This Christmas was, by all counts, a success. Snow was on the ground, I got my subscription to McSweeney’s Book Club renewed, and my grandparents hosted a fantastic midday meal that left us all bursting at the seams. But despite all of the togetherness that is usually associated with the holidays, Christmas is usually a very private day for me. My siblings and I always sleep in one room on Christmas Eve so that at five in the morning we can all stampede to the living room for gifts. But after a brunch and the mandatory It’s A Wonderful Life sobfest, I usually find myself quite free to do what I’d like. Often, I’ll turn off the lights in the living room, all except the ones wrapped around the Christmas tree, and I’ll lie beneath the huge pine and stare up at the pale ceiling speckled with colored crayon tips of luminosity. That scent! The illumination! Sometimes, I’ll think about the meaning of the holiday season, how thrilling buying the perfect present is, how quickly Hanukkah and Christmas meld in my mind (we basically have a nine day holiday in the Lazar home, with the grand finale being December 25th), and how beautiful our menorah is.

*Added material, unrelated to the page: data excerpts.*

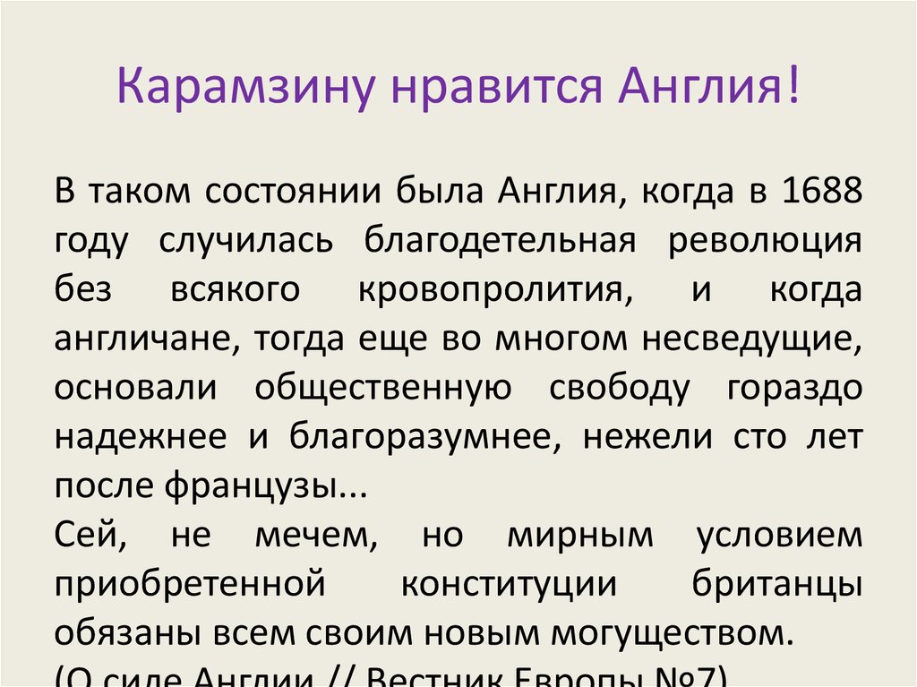 Карамзину нравится Англия!В таком состоянии была Англия, когда в 1688
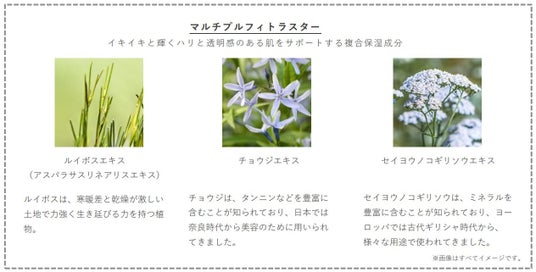 【複合保湿成分】マルチプルフィトラスターハリと透明感のある肌を叶えるために、独自研究に基づいた複合保湿成分「マルチプルフィトラスター」を配合。
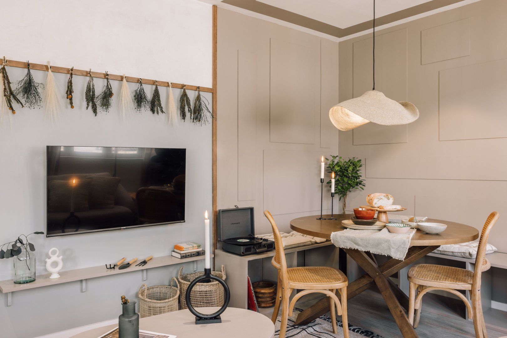 Discerning design lovers will find perfect contentment in this Arroios apartment. From the soft tones and personal touches to the cosy furnishings, every detail has been considered to bring ease to your city stay. There is also a dedicated home office for remote workers and everyone can enjoy listening to records or watching movies. It’s worth noting you may hear some street noise while you are here, but this is a sweet option if you’re seeking comfort and style in a great location. Outside, you can stroll to restaurants, cafes and shops. It’s also just a short walk to the nearest metro station – making it easy to access central Lisbon.
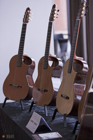 Quant à Philippe, il exposait le fruit de sa collaboration avec Gérard : un modèle jazz Nylon que je vous ai déjà présenté lors du salon à Issoudun en 2014 et un modèle de concert, hybride pouvant être monté en cordes nylon comme en cordes acier.
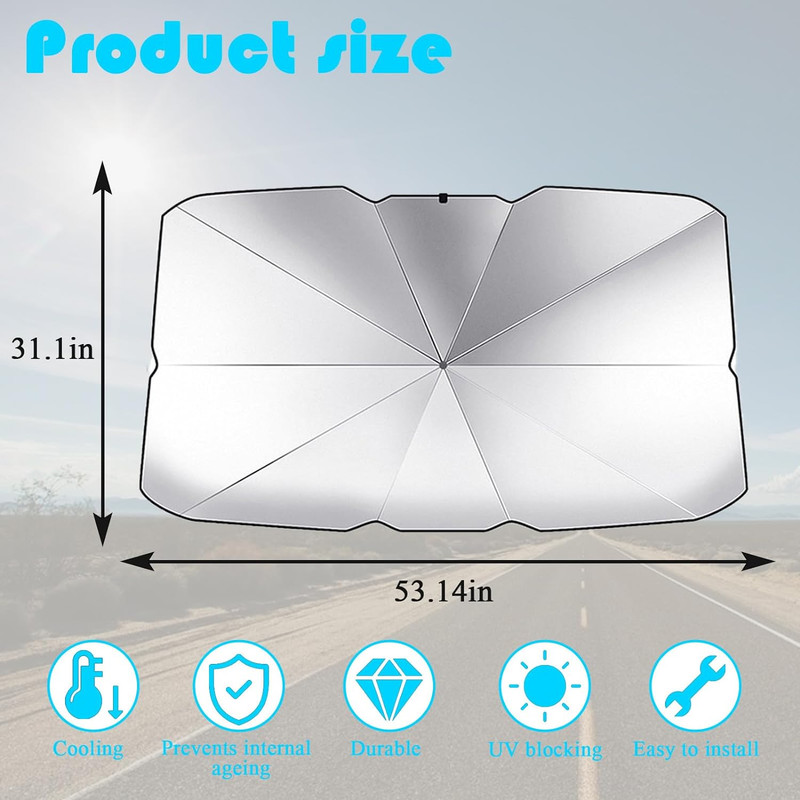 | سایر توضیحات | // جنس: PET + روکش نقره ای+ پلی استر // وزن تقریبی: حدود 400 گرم //نحوه باز شدن: بصورت چتری آسان و سریع // سبک و انعطاف پذیر // محافظت در برابر اشعه ماوراء بنفش //کاهش دمای داخلی خودرو |
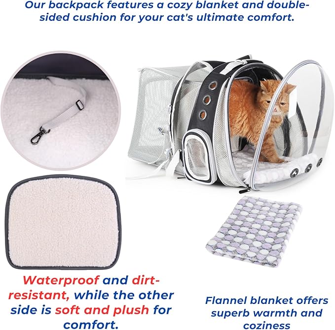 - Panoramic Bubble Window: Soft yet durable cat carrier backpack with a crystal-clear bubble window lets curious cats/dogs safely observe surroundings; Ideal for stress-free vet trips or airplane travel

But what I think about most is how dead the world seems right now, when the holidays are all about birth and miracles and babies and fire and things that are alive. Last Christmas, I strapped myself in a marshmallow snowsuit (I’m talking the works: a down jacket, insufferable snow pants, and a hat resembling an exploding mop dog) to go explore my woodsy backyard. Making tracks in the snow, I felt my nose become an inflamed cherry tomato but I trudged on, fingering a waxy peppermint bark in one pocket and a spring of shiny gift ribbon bleeding through my fingers in the other. The world was silent there—not so much as a rustle or a crunch, a crack or a creak. I didn’t think about the birth of Jesus that day but I did wonder where all the life had gone. I felt as removed from the landscape as the frozen pool toys that were left out far past their season, deflated and defeated, glazed by the ice. I sat on a sad little raft, square in the middle of our snow covered field and tried to imagine myself in a white ocean or Huck Finn-ing it down some frothy river. I was saddened by how extraordinary lonely it was out there—the trees hushed by sheets of ice, the grass quieted by a quilt of snow and sticks—until something thumped my head and dispersed icy crumbs down my neck. My brother had thrown a snowball. And then another. And another. His face was alight with rosy playfulness, which brought life and color to the outdoors, and it dawned on me then that you can’t really go looking for signs of vivacity and miracles, you just have to wait for one to thwack you really, really hard in the back of your head when you least expect it.